## YOUR ASSIGNMENT
Repeat the data in full. Drop every picture.

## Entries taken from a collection
◆ ◆ ◆

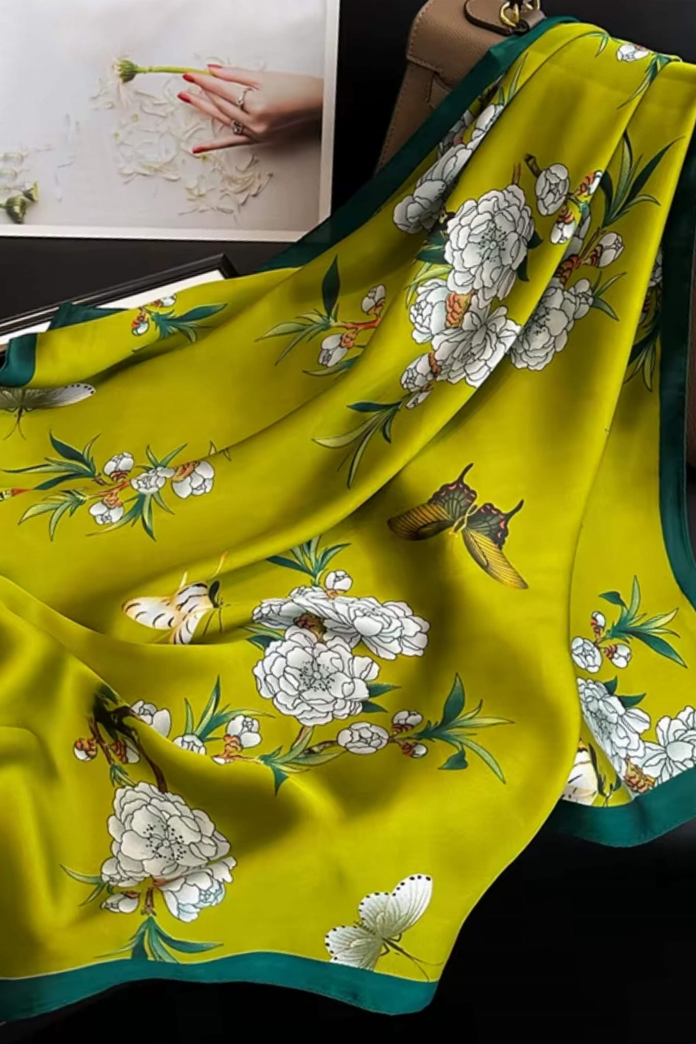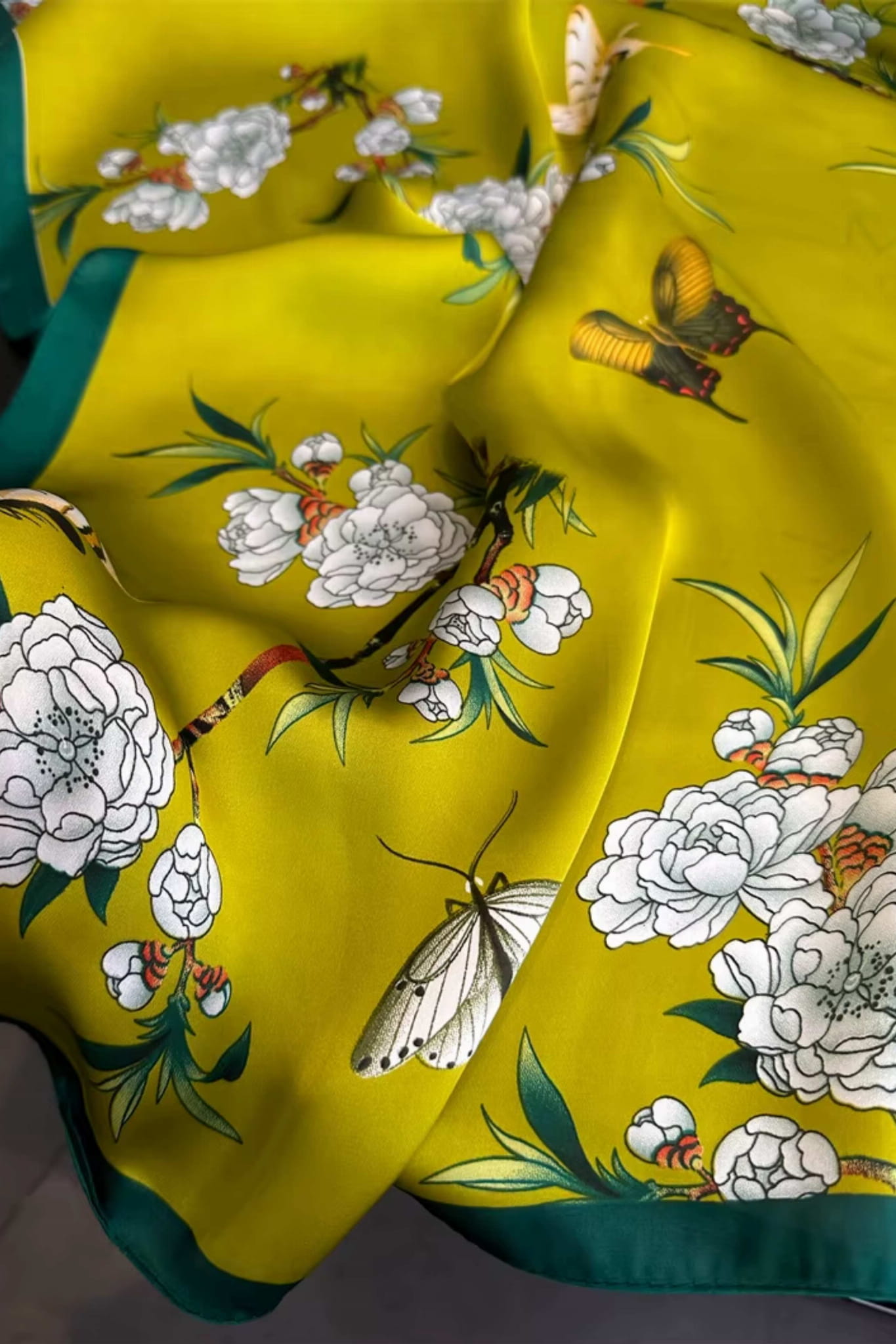 Satynowa apaszka 70x70 cm z motywem piwonii i motyli na limonkowym tle – lekka, kwiatowa elegancja z nutą orientu.
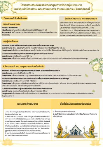 Posted on 22 กันยายน 2025 โครงการเสริมพลังวัดพัฒนาคุณภาพชีวิตกลุ่มเปราะบาง ของวัดแก้วโกรวาราม พระอารามหลวง อำเภอเมืองกระบี่ จังหวัดกระบี่ Post Views: 17 Share:
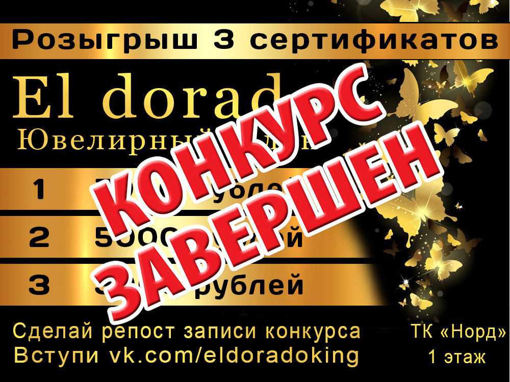 Ювелирный салон «Эльдорадо» при поддержке группы «Бесплатный Кингисепп» проводит розыгрыш 3 сертификатов!
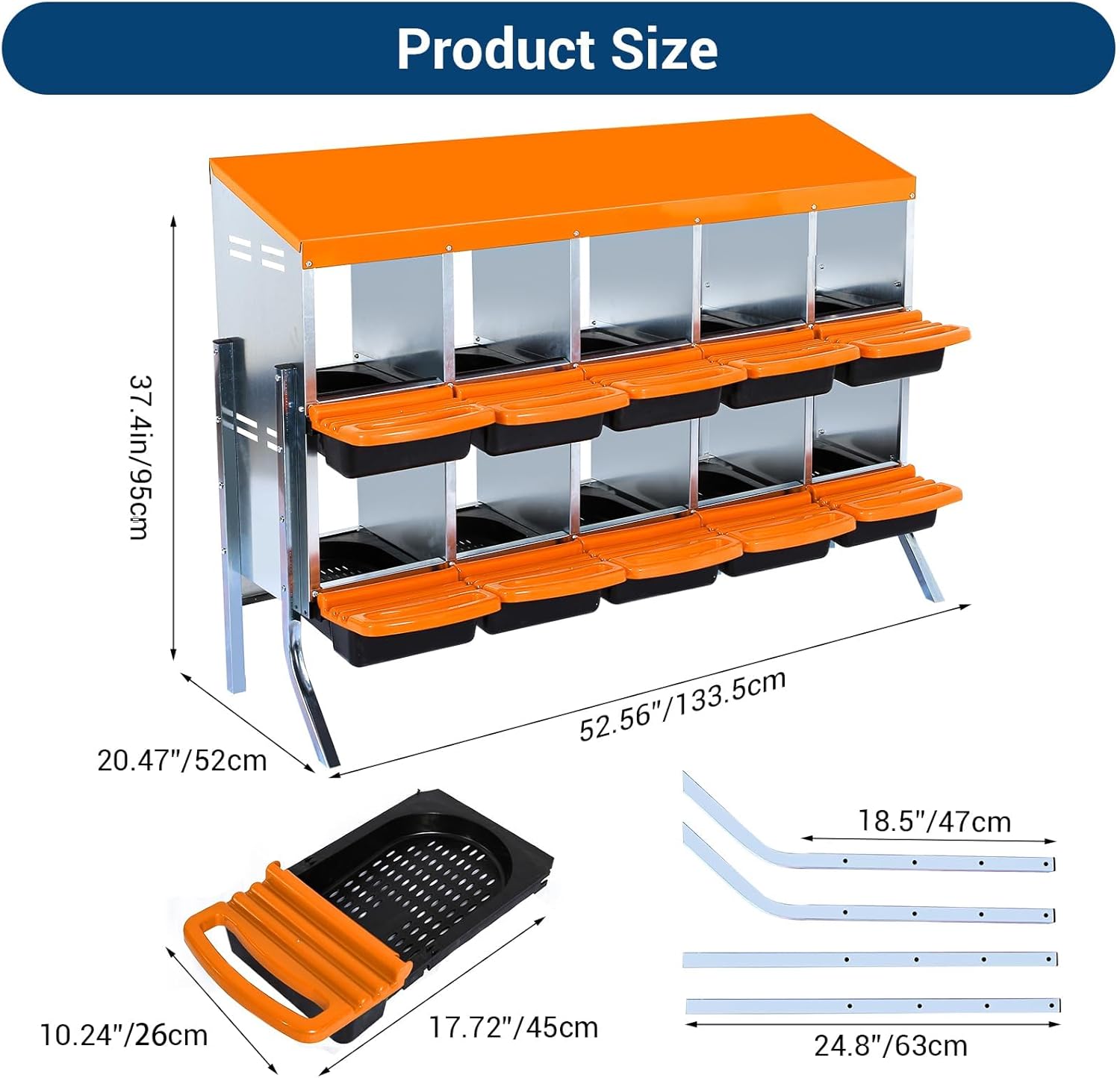 Chicken Nesting Box, 10 Hole 2 Layer Hen Nest Boxes with Legs, Roll Away Eggs Laying Boxes,Cleanable Pull Out Hen Roosting Boxes
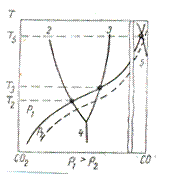 Рис.5. Сочетание равновесных кривых реакций газификации углерода и восстановления окислов железа. При температуре Т2 реализуется равновесное сложной системе Fe3O4+ FeO-С-СО- СО2 a при Т3 Системы FeO- Fe-С-СО- СО2 При понижении давления в системе равновесия кривая газификации углерода смещается к более низким температурам. В полном согласии с общем выражением (3,65) при этом понижаются температуры, при которых начинается реагирование углерода. Аналитически рассматриваемые зависимости можно представить на основе температурных функций констант равновесия реакции восстановления окислов и газификаций углерода: Кр= РСО2/РСО=¦(Т); Кр(4,1)= РСО РСО2+РСО=Р; Совместное решение уравнений позволяет рассчитать температуру начало реагирование углерода для заданного давления и состав равновесной газовой фазы. Таким путем можно предвидеть условия прямого восстановления других окислов в зависимости от их природы. С повышением прочности окисла понижается его кислородный потенциал и, как показывает соотношение (32), возрастает содержание восстановителя в равновесной газовой фазе. Кривая равновесия восстановления окисла приближается к оси 100%-ного содержания СО, что выражает низкую эффективность использования восстановителя (рис.5). При этом значительно возрастает температура начало прямого восстановления при участие углерода, например Т5 для кривой 5, представленной на графике в увеличенном масштабе. В этом случае можно существенно улучшить термодинамических условия восстановительных процессов путем применение вакуума. Как показывают качественные зависимости и количественные расчеты на основе уравнений (39), разрежение в системе понижает температуру начало прямого восстановления и обеспечивает более полное использование восстановителя. Эти общее закономерности служит предпосылками вакуумной металлургии при получение металлов с повышенном сродством к кислороду. Аналогичном образе можно выявить условия развитие окислительных процессов при наличие в системе избытка углерода: Для реагирующих окислов РСО.(г.ф)< РСО(р). Для реакции углерода РСО.(г.ф)> РСО(р), Такие условие реализуется при температурах ниже точек пересечения равновесных кривых (рис.5) и обусловливает окислительные процессы: В области Т2-Т3 Fe® (FeO); и ниже Fe® (FeO); (FeO) ® Fe3O4; несмотря на присутствие избытка твердого углерода. Рассмотренные закономерности опираются на термодинамику макросистемы, и выражает его свойства в целом. Однако для твердого углерода известны сильно развитые поверхностные явления. Твердый углерод адсорбирует большие объемы кислорода и выделяет при небольшом повышении температуры газ, богатый СО. С другой стороны, прочные межатомные связи в решетке графита нарушаются благодаря внедрению в межбазисное пространство посторонних частиц. Подобного рода явление могут быть причиной местного активирования прямого восстановления окисла и кинетического температуры начала процесса могут отличаться от термодинамических. В этом отношении интересны исследования В.П. Елютина и Ю.А. Павлова. Восстановителем служил радиоактивный изотоп углерода, а начало взаимодействия определяли по появлению радиоактивности в газообразных продуктов реакции. Найденные температуры начала восстановления увеличиваются при переходе от одного окисла к другому в порядке повышения термод

◆ ◆ ◆

## ANSWER BELOW
 Satynowa apaszka 70x70 cm z motywem piwonii i motyli na limonkowym tle – lekka, kwiatowa elegancja z nutą orientu.
 Posted on 22 กันยายน 2025 โครงการเสริมพลังวัดพัฒนาคุณภาพชีวิตกลุ่มเปราะบาง ของวัดแก้วโกรวาราม พระอารามหลวง อำเภอเมืองกระบี่ จังหวัดกระบี่ Post Views: 17 Share:
 Ювелирный салон «Эльдорадо» при поддержке группы «Бесплатный Кингисепп» проводит розыгрыш 3 сертификатов!
 Chicken Nesting Box, 10 Hole 2 Layer Hen Nest Boxes with Legs, Roll Away Eggs Laying Boxes,Cleanable Pull Out Hen Roosting Boxes
 Рис.5. Сочетание равновесных кривых реакций газификации углерода и восстановления окислов железа. При температуре Т2 реализуется равновесное сложной системе Fe3O4+ FeO-С-СО- СО2 a при Т3 Системы FeO- Fe-С-СО- СО2 При понижении давления в системе равновесия кривая газификации углерода смещается к более низким температурам. В полном согласии с общем выражением (3,65) при этом понижаются температуры, при которых начинается реагирование углерода. Аналитически рассматриваемые зависимости можно представить на основе температурных функций констант равновесия реакции восстановления окислов и газификаций углерода: Кр= РСО2/РСО=¦(Т); Кр(4,1)= РСО РСО2+РСО=Р; Совместное решение уравнений позволяет рассчитать температуру начало реагирование углерода для заданного давления и состав равновесной газовой фазы. Таким путем можно предвидеть условия прямого восстановления других окислов в зависимости от их природы. С повышением прочности окисла понижается его кислородный потенциал и, как показывает соотношение (32), возрастает содержание восстановителя в равновесной газовой фазе. Кривая равновесия восстановления окисла приближается к оси 100%-ного содержания СО, что выражает низкую эффективность использования восстановителя (рис.5). При этом значительно возрастает температура начало прямого восстановления при участие углерода, например Т5 для кривой 5, представленной на графике в увеличенном масштабе. В этом случае можно существенно улучшить термодинамических условия восстановительных процессов путем применение вакуума. Как показывают качественные зависимости и количественные расчеты на основе уравнений (39), разрежение в системе понижает температуру начало прямого восстановления и обеспечивает более полное использование восстановителя. Эти общее закономерности служит предпосылками вакуумной металлургии при получение металлов с повышенном сродством к кислороду. Аналогичном образе можно выявить условия развитие окислительных процессов при наличие в системе избытка углерода: Для реагирующих окислов РСО.(г.ф)< РСО(р). Для реакции углерода РСО.(г.ф)> РСО(р), Такие условие реализуется при температурах ниже точек пересечения равновесных кривых (рис.5) и обусловливает окислительные процессы: В области Т2-Т3 Fe® (FeO); и ниже Fe® (FeO); (FeO) ® Fe3O4; несмотря на присутствие избытка твердого углерода. Рассмотренные закономерности опираются на термодинамику макросистемы, и выражает его свойства в целом. Однако для твердого углерода известны сильно развитые поверхностные явления. Твердый углерод адсорбирует большие объемы кислорода и выделяет при небольшом повышении температуры газ, богатый СО. С другой стороны, прочные межатомные связи в решетке графита нарушаются благодаря внедрению в межбазисное пространство посторонних частиц. Подобного рода явление могут быть причиной местного активирования прямого восстановления окисла и кинетического температуры начала процесса могут отличаться от термодинамических. В этом отношении интересны исследования В.П. Елютина и Ю.А. Павлова. Восстановителем служил радиоактивный изотоп углерода, а начало взаимодействия определяли по появлению радиоактивности в газообразных продуктов реакции. Найденные температуры начала восстановления увеличиваются при переходе от одного окисла к другому в порядке повышения термод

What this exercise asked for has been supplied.